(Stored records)
=-=-=

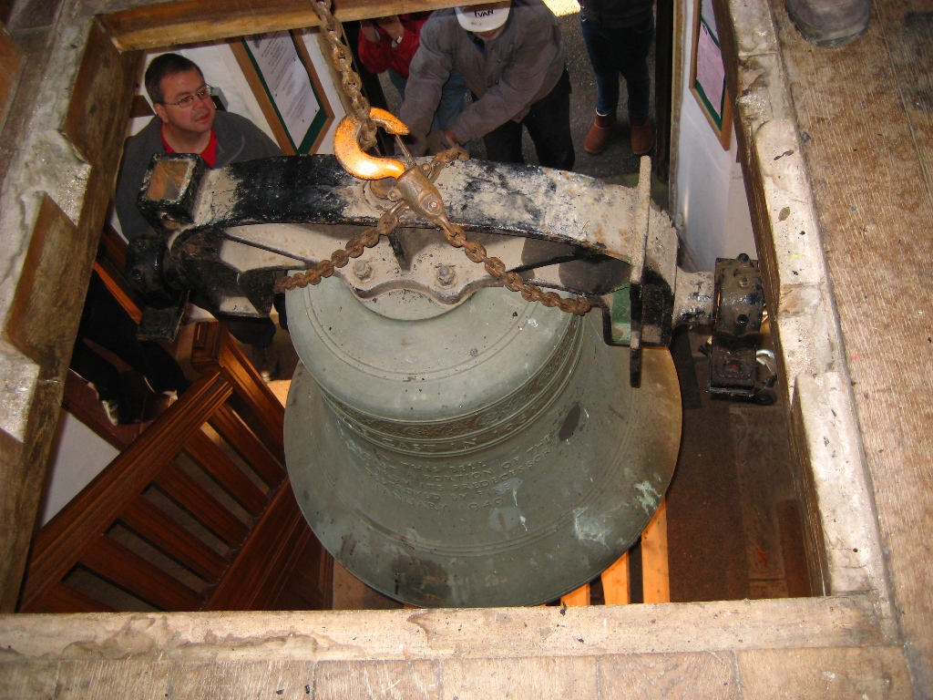The existing G&J bell was temporarily removed from the tower
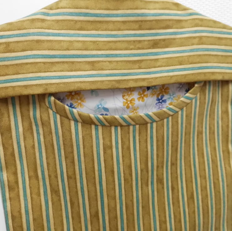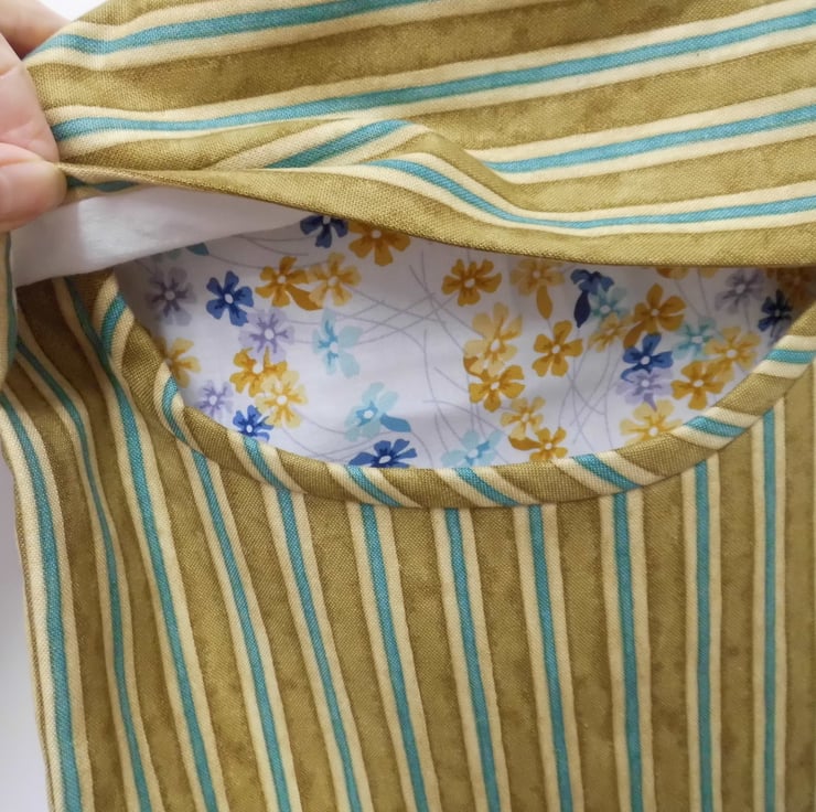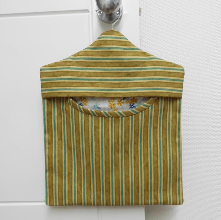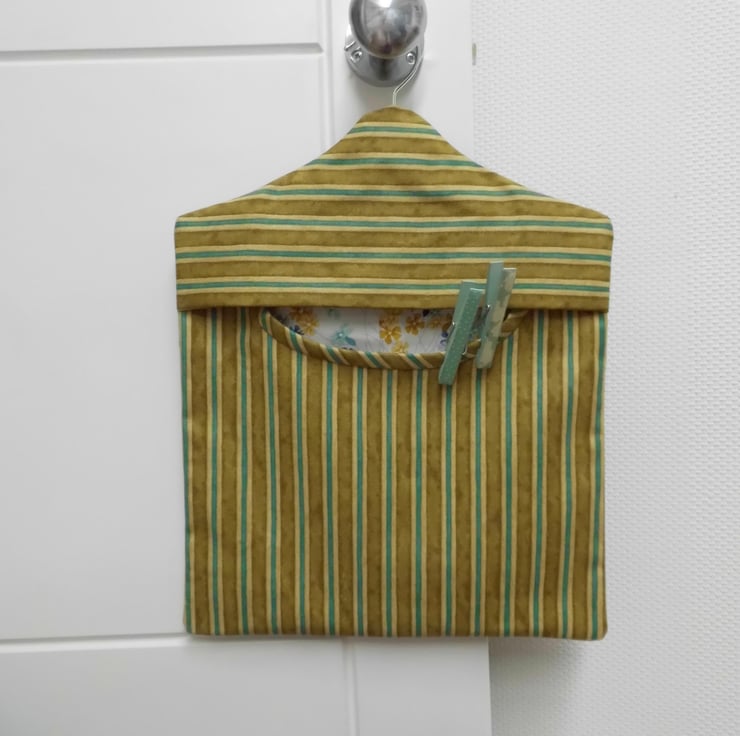 A fully lined peg bag carefully made using a sturdy furnishing weight cotton fabric in mustard with turquoise stripes. The back is lined with floral printed cotton featuring similar colours and you can see this through the opening. The front is lined with white cotton fabric.
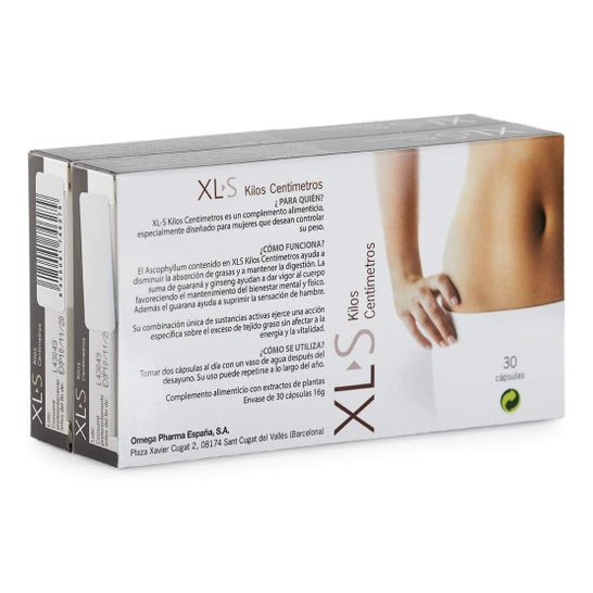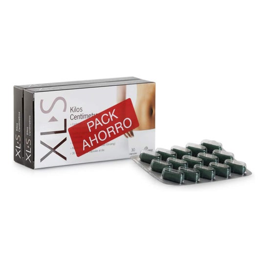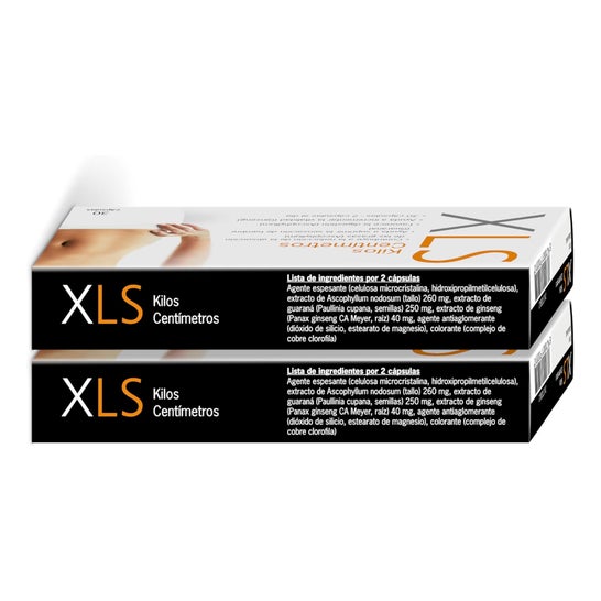 XLSKilos Centímetros 2x30comp est un complément alimentaire destiné à renforcer l'action réductrice des régimes de suivi et de contrôle du poids. XL-S contient deux plaquettes de 30 comprimés chacune, qui contribuent à réduire l'accumulation de lipides et de liquides dans des zones du corps telles que le ventre, les jambes et les chevilles.
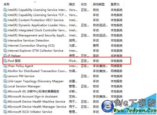 8、找到名為“iPod服務”的選項,同樣方法,雙擊打開
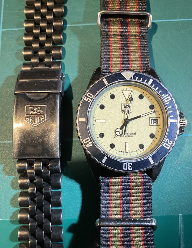You’ll have to zoom in a bit, the wear is apparent on the edges of the lugs. The bracelet is very worn, but it’s never really fitted me very well and rattles, so it wears a James Bond nylon, the correct colours, not the grey and blue ones. Just to add, it’s not the original face, which had Series 1000 underneath the logo - the retaining pins broke and it went back for repairs and that was the face it came back with. Apparently there were a number of variants, as it was Heuer’s first dive/sport watch, and their first watch with TAG, so some variants just had Heuer, some like mine is now, and some had Series 1000. Bugger-all I could do about it really, it went back through the retailer in Bath I’d bought it from.
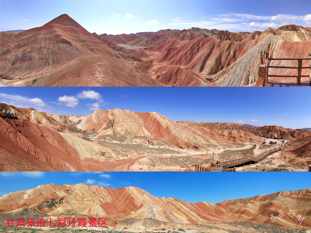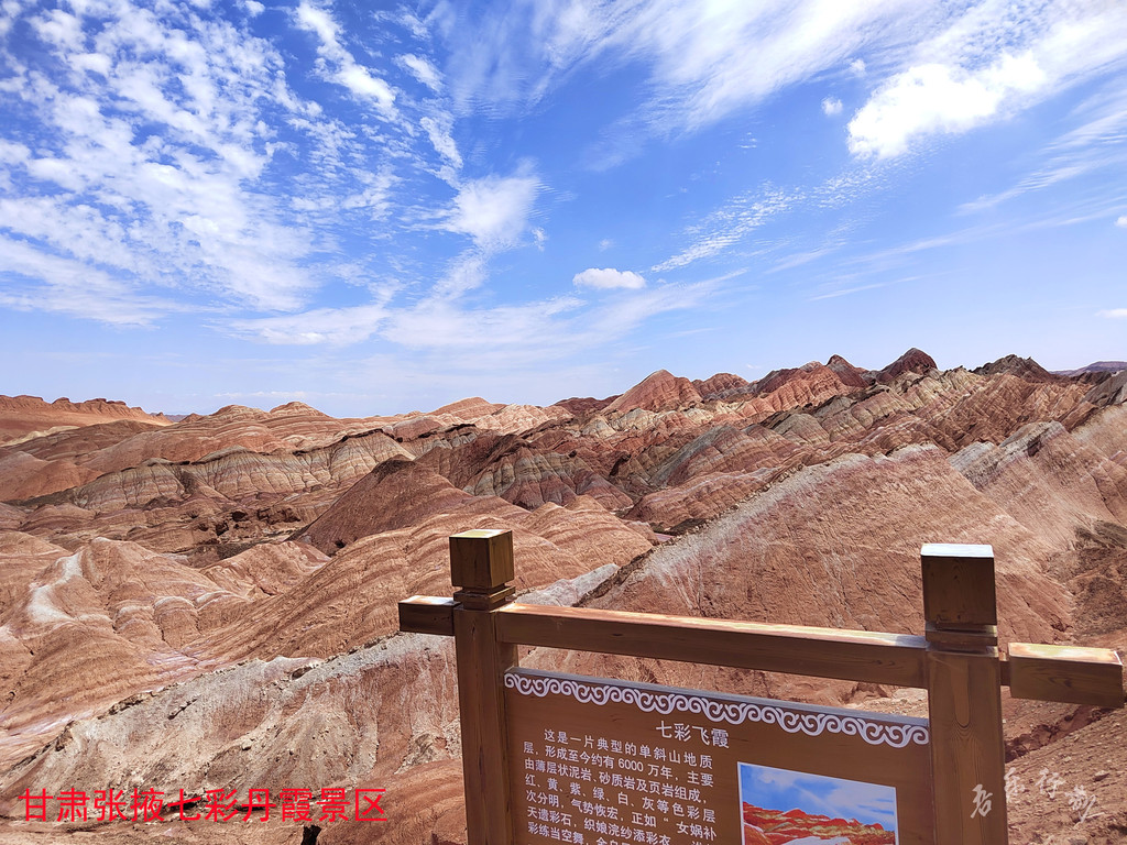 张掖市七彩丹霞景区景观地貌由形成于距今1.35忆年至6500万年前的白垩纪“红层”,在湖相沉积、构造运动、流水与风力的侵蚀等内外力的作用下,形成了中国独具特色丘陵地貌。

=-=-=

**TO DO:**
Take the entries above and set them down exactly, minus the pictures.

**ANSWER SPACE:**
The existing G&J bell was temporarily removed from the tower
 A fully lined peg bag carefully made using a sturdy furnishing weight cotton fabric in mustard with turquoise stripes. The back is lined with floral printed cotton featuring similar colours and you can see this through the opening. The front is lined with white cotton fabric.
 XLSKilos Centímetros 2x30comp est un complément alimentaire destiné à renforcer l'action réductrice des régimes de suivi et de contrôle du poids. XL-S contient deux plaquettes de 30 comprimés chacune, qui contribuent à réduire l'accumulation de lipides et de liquides dans des zones du corps telles que le ventre, les jambes et les chevilles.
 8、找到名為“iPod服務”的選項,同樣方法,雙擊打開
You’ll have to zoom in a bit, the wear is apparent on the edges of the lugs. The bracelet is very worn, but it’s never really fitted me very well and rattles, so it wears a James Bond nylon, the correct colours, not the grey and blue ones. Just to add, it’s not the original face, which had Series 1000 underneath the logo - the retaining pins broke and it went back for repairs and that was the face it came back with. Apparently there were a number of variants, as it was Heuer’s first dive/sport watch, and their first watch with TAG, so some variants just had Heuer, some like mine is now, and some had Series 1000. Bugger-all I could do about it really, it went back through the retailer in Bath I’d bought it from.
 张掖市七彩丹霞景区景观地貌由形成于距今1.35忆年至6500万年前的白垩纪“红层”,在湖相沉积、构造运动、流水与风力的侵蚀等内外力的作用下,形成了中国独具特色丘陵地貌。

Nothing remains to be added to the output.